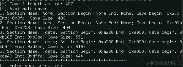 接下来,我们选择要用于注入有效载荷的洞穴:
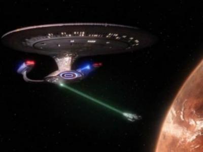 《星际迷航》里的一艘星际飞船利用牵引光束拖拽一艘更小的飞船。科学家已经公开一...
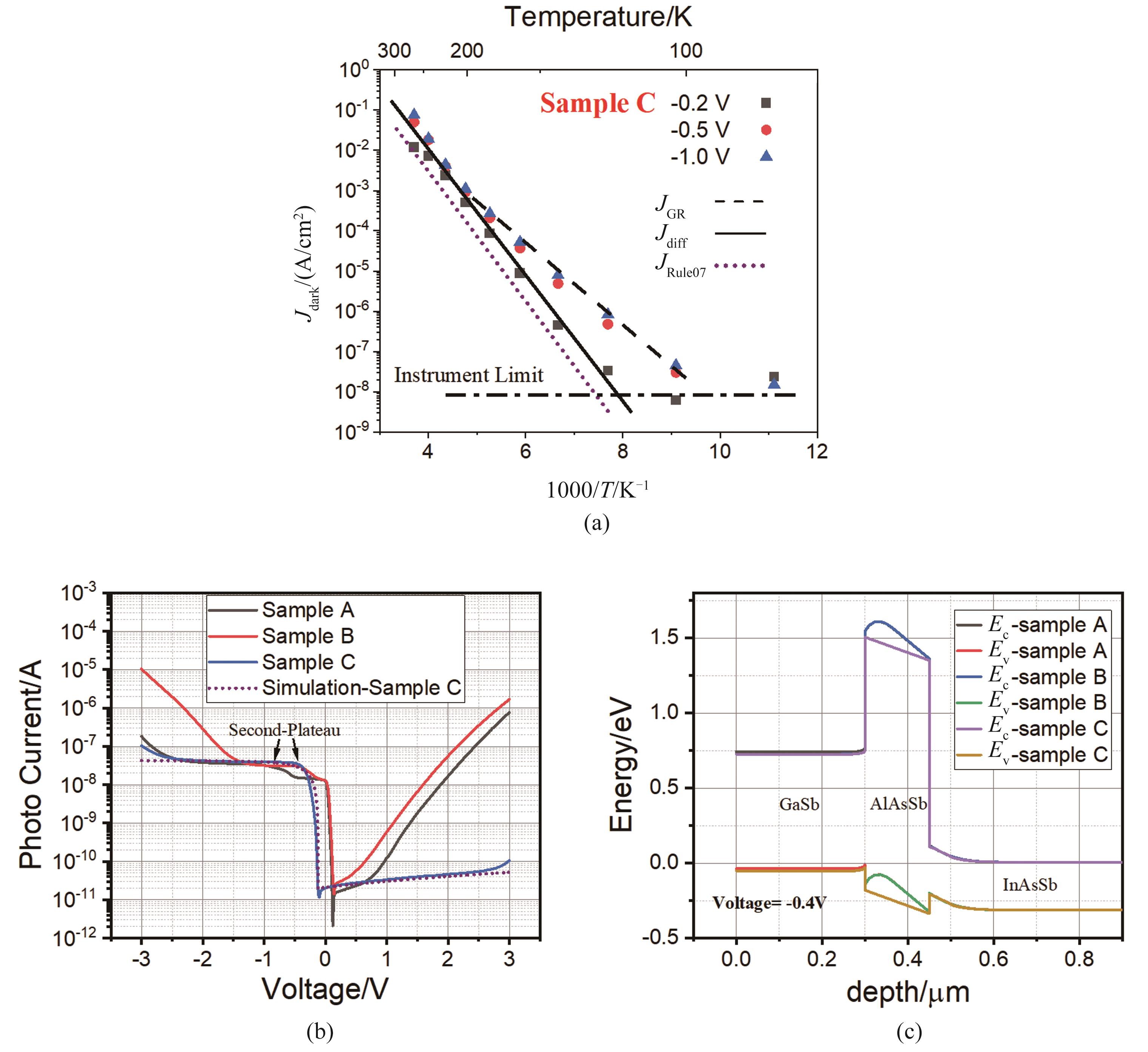 摘要:在GaSb衬底上外延生长晶格匹配的XBn结构InAsSb具有高晶体质量,在高工作温度(HOT)下能够实现极低的暗电流。该结构具有优越的性能,在阻挡多数载流子的同时,不影响空穴传输。为了进一步探索XBn单极势垒结构的能带和载流子输运机理,系统地研究了掺杂对PBn结构InAsSb光电探测器的暗电流、光电流和隧穿特性的影响。制备了三个高质量InAsSb样品,吸收层(AL)均为非故意掺杂(UID),对接触层(CL)和势垒层(BL)进行不同浓度的p型掺杂。随着CL中p型掺杂浓度的增加,器件的开启偏压变大,而BL中的p型掺杂会导致隧穿效应发生在更低的偏置电压下。对于BL非故意掺杂的样品,表现出极低的暗电流,仅为5×10-6 A/cm2。该样品的器件光电流特性可以通过背靠背二极管模型拟合,揭示了BL两侧存在两个反向的空间电荷区。

______

▸ ABOUT THIS TASK
Output all of the listing above, exactly as given, but without its pictures.

▸ EXPECTED ANSWER
 接下来,我们选择要用于注入有效载荷的洞穴:
 《星际迷航》里的一艘星际飞船利用牵引光束拖拽一艘更小的飞船。科学家已经公开一...
 摘要:在GaSb衬底上外延生长晶格匹配的XBn结构InAsSb具有高晶体质量,在高工作温度(HOT)下能够实现极低的暗电流。该结构具有优越的性能,在阻挡多数载流子的同时,不影响空穴传输。为了进一步探索XBn单极势垒结构的能带和载流子输运机理,系统地研究了掺杂对PBn结构InAsSb光电探测器的暗电流、光电流和隧穿特性的影响。制备了三个高质量InAsSb样品,吸收层(AL)均为非故意掺杂(UID),对接触层(CL)和势垒层(BL)进行不同浓度的p型掺杂。随着CL中p型掺杂浓度的增加,器件的开启偏压变大,而BL中的p型掺杂会导致隧穿效应发生在更低的偏置电压下。对于BL非故意掺杂的样品,表现出极低的暗电流,仅为5×10-6 A/cm2。该样品的器件光电流特性可以通过背靠背二极管模型拟合,揭示了BL两侧存在两个反向的空间电荷区。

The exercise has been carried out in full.